-- To do --
From the first line of the entries below through the line bearing "mijn voorbeeld afbeelding", write out each line exactly. Omit pictures.

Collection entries
********
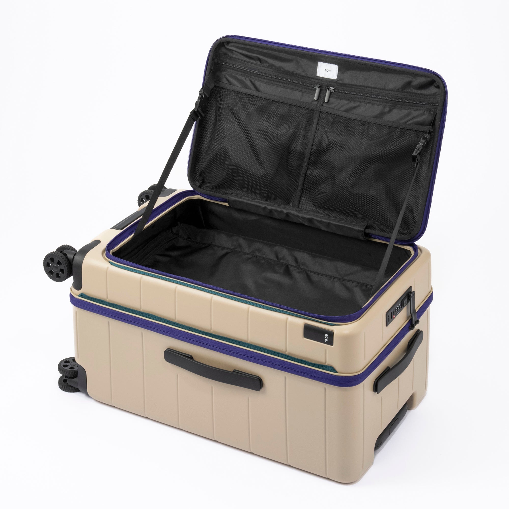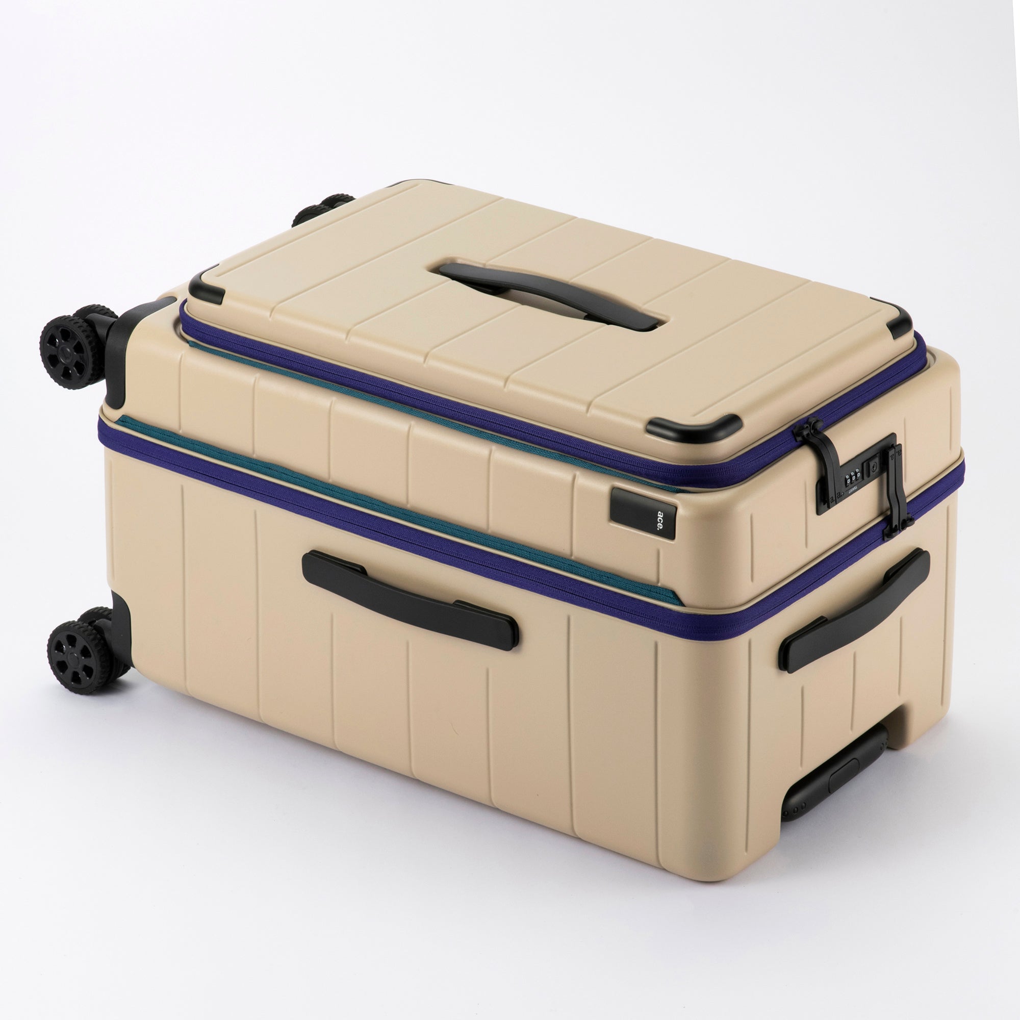 TEOFIELD is a suitcase series built on the “phase-free” concept, designed for both travel and outdoor leisure as well as emergency situations. With bold color accents and functional daisy chains for attaching gear, it’s a versatile, ready-for-anything travel companion that blends style with practical preparedness.
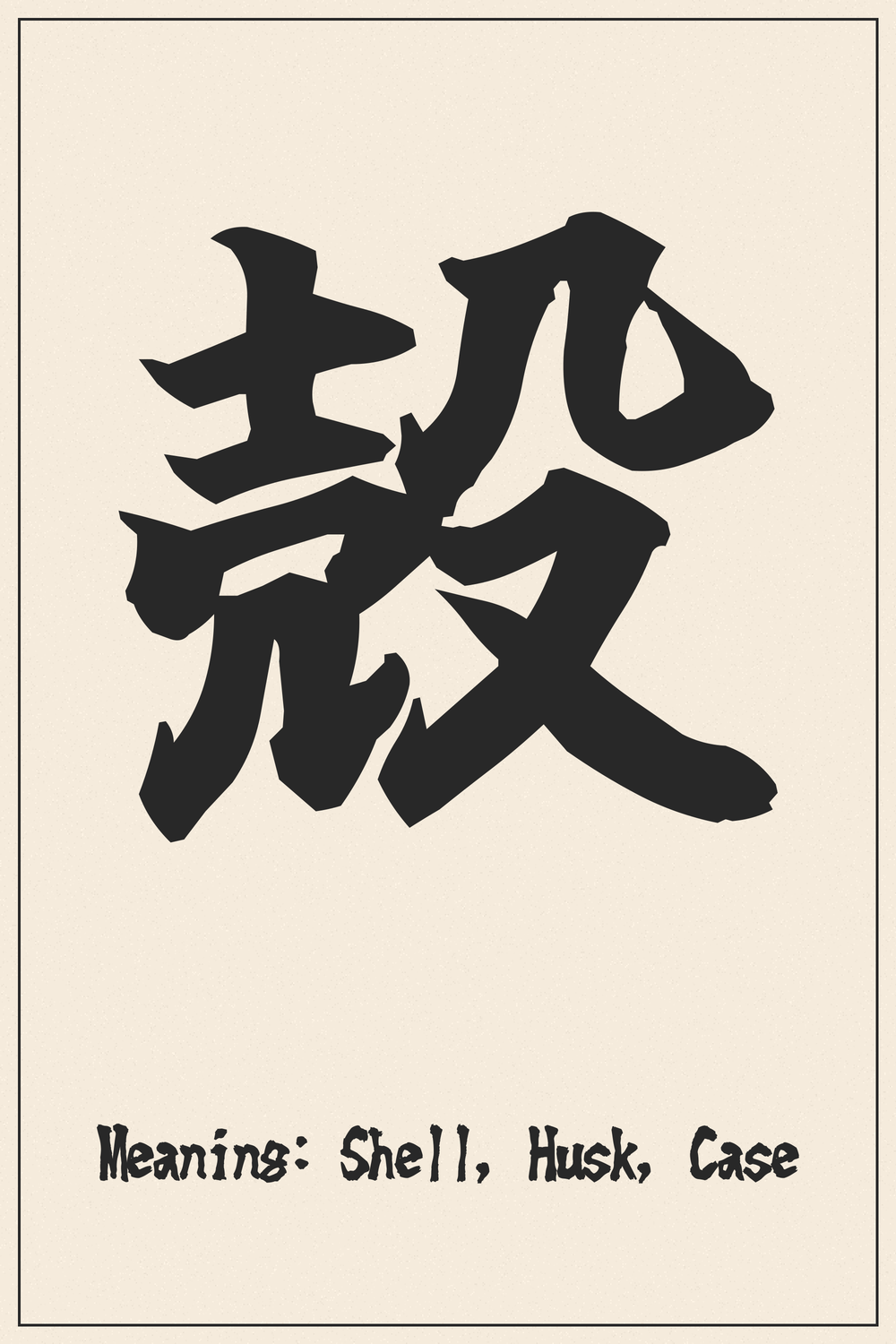 The Kanji 殻 embodies the concept of an outer covering, whether it be a fragile eggshell or a sturdy nut. It represents protection and the boundary between inside and out.
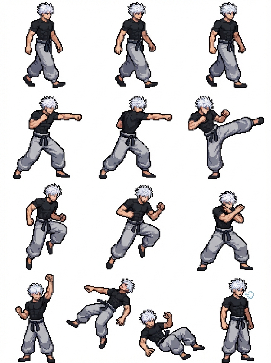 "maak mijn voorbeeld afbeelding zodat hij kan wandelen, vechten met handen en voeten, springen, aanvallen kan blokeren, een victory pose aanneemt en valt als hij uit de lucht word getrapt als laatst ook als hij stil staat dat hij er levendig uitziet, in Pixel Art style"
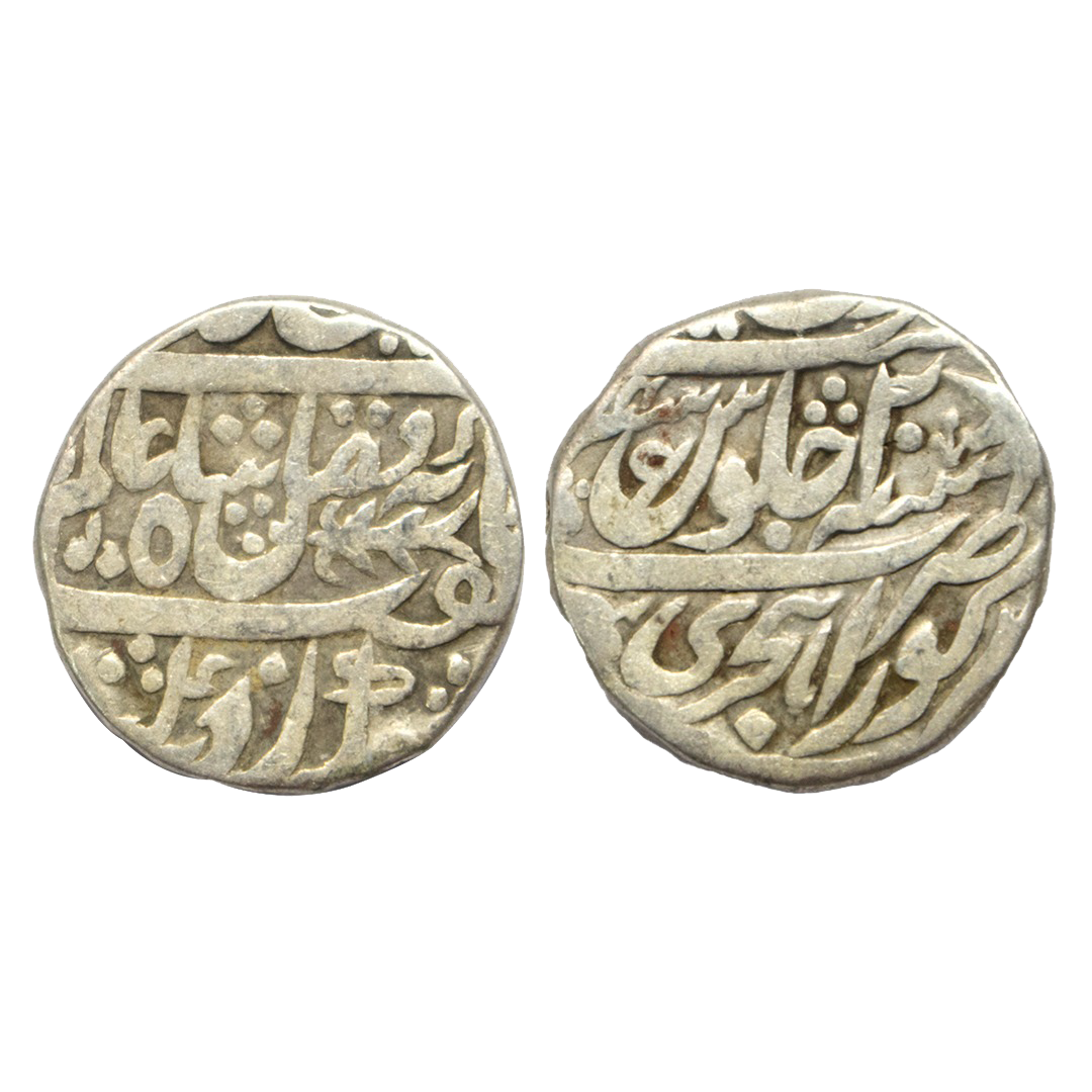 Independent Kingdom, Tripura, Rajadhara Manikya with Queen Satyavati Mahadevi (SE 1508-1531 / 1586-1599 AD), Silver Tanka, 10.70Grms, SE 1508, OBV: lion to left with a standard above, flag tied to shaft, with date Saka 1508 below, within circle, outer border of circles with central pellet & samall pellet added to left of standard, REV: Sri Sri Yuta Raja/dhara Manikya/Deva Sri Satyava/ti Maha Devyau in four lines within square. (R&B # 185 type). Extremely Fine, Big flan, Rare.
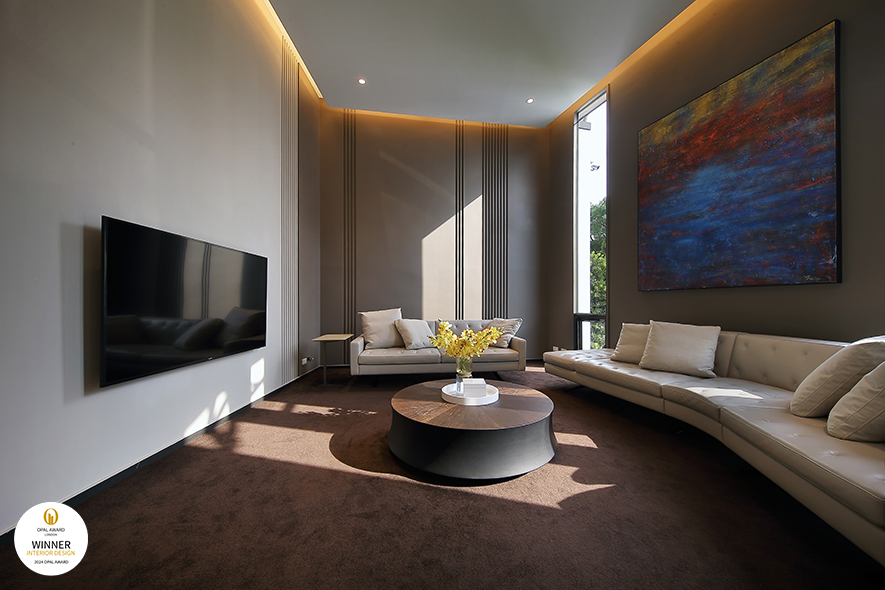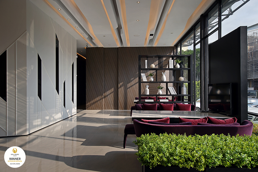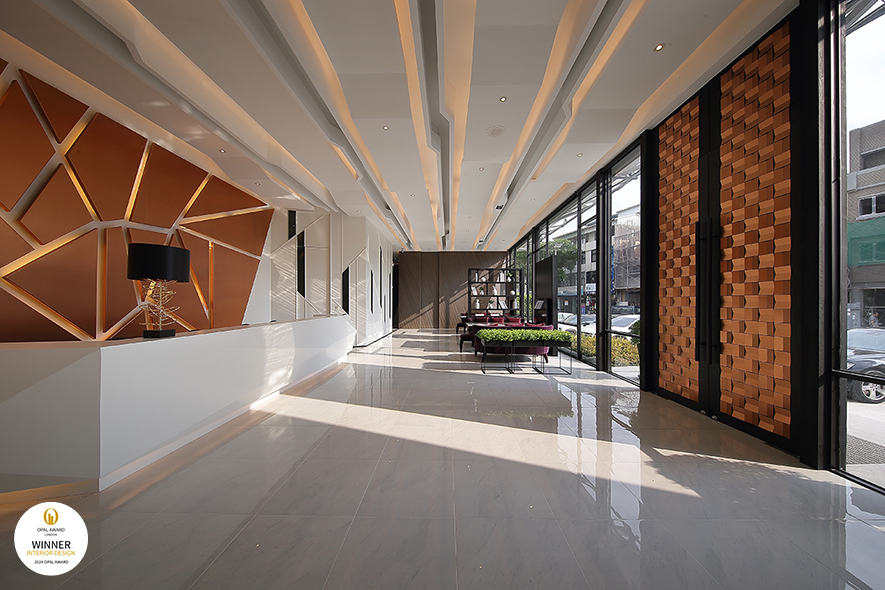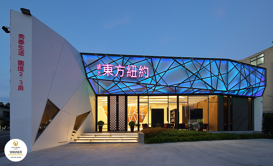 業主以年紀較輕的首購族為目標客群,實創設計 設計總監 賴姿伊 便為接待中心外部勾勒俐落的玄色線條,輔搭可變換多樣色光的LED燈板,描繪如紐約街頭摩登酒吧的時尚意境,進一步增加年輕訪客入內諮詢的意願;顧及業者需求的時髦商空《創流藝想》吸引一眾評審目光,摘得本屆賽事「Winner」獎項!
********
-- Written response --
 TEOFIELD is a suitcase series built on the “phase-free” concept, designed for both travel and outdoor leisure as well as emergency situations. With bold color accents and functional daisy chains for attaching gear, it’s a versatile, ready-for-anything travel companion that blends style with practical preparedness.
 The Kanji 殻 embodies the concept of an outer covering, whether it be a fragile eggshell or a sturdy nut. It represents protection and the boundary between inside and out.
 "maak mijn voorbeeld afbeelding zodat hij kan wandelen, vechten met handen en voeten, springen, aanvallen kan blokeren, een victory pose aanneemt en valt als hij uit de lucht word getrapt als laatst ook als hij stil staat dat hij er levendig uitziet, in Pixel Art style"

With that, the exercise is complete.